GONZALES ROMERO Lilian Ysabel 2013

Titre de la thèse : Une dimension thérapeutique de l’art d’après une vision esthétique : une approche du pouvoir transformateur de l’art
Auteur / Autrice : Lilian Ysabel Gonzales Romero
Direction : Plínio Prado
Type : Thèse de doctorat
Discipline(s) : Philosophie
Date : Soutenance en 2013
Etablissement(s) : Paris 8

Résumé : L’art entraîne une sorte de révélation qui nous permet de redécouvrir le monde mais surtout l’homme. Cette redécouverte et l’émerveillement éveillés par l’art font appel à deux aspects centraux : la subjectivité et l’expressivité. Ce fait serait à l’origine d’un certain pouvoir transformateur de l’art en tant qu’espace de révélation et d’expressivité favorisant, en plus, la rencontre avec soi, autrui et le monde. Nous considérons que cette capacité transformatrice de l’art constitue précisément un fondement de son pouvoir thérapeutique. L’objectif principal de cette recherche constitue ainsi la réalisation d’une approche de ce pouvoir thérapeutique de l’art. L’intérêt de cette étude réside dans le fait que nous partons d’une vision esthétique.

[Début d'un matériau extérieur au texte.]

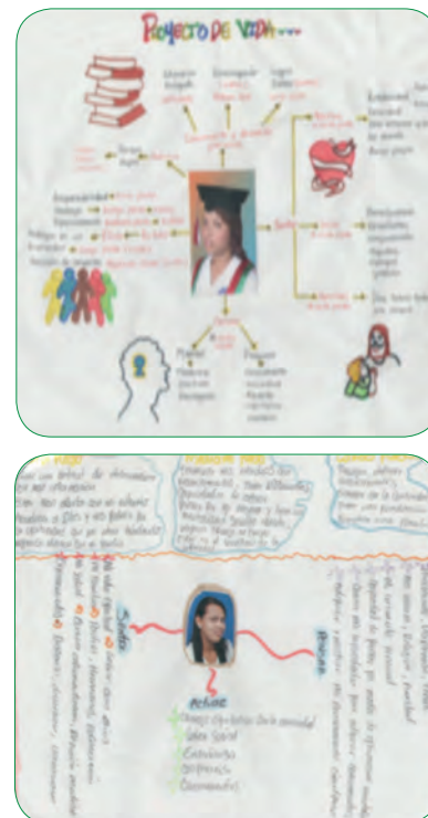
Figura 5. Composición de las diagramaciones de los proyectos de vida de los estudiantes de primer semestre 2012-2 del programa académico de Trabajo Social en la asignatura de Epistemología de las Ciencias Sociales y Humanas (un después).

La resiliencia un proceso donde el individuo desde el autorreconocimiento de sus potencialidades puede dar un salto a la adversidad y gestar su propio modelo de desarrollo individual y social

La vision esthétique de la thérapeutique dans l’art s’éloigne de la vision psychologique et psychanalytique, c’est-à-dire de la vision clinique sous deux aspects : le premier est la considération de l’art en tant que phénomène per se et non comme un moyen de thérapie psychologique ou psychanalytique ; le deuxième aspect réside dans l’accent mis par l’expressivité. La vision esthétique de la thérapeutique de l’art trouve sa justification, son sens et sa raison d’être au sein d’une société et d’une humanité assujetties principalement aux modèles de vie imposés par un complexe système dominant. Un système caractérisé par une grave crise écologique résultat en grand partie de l’action destructrice de ce que Félix Guattari appelle CMI (Capitalisme Mondial Intégral).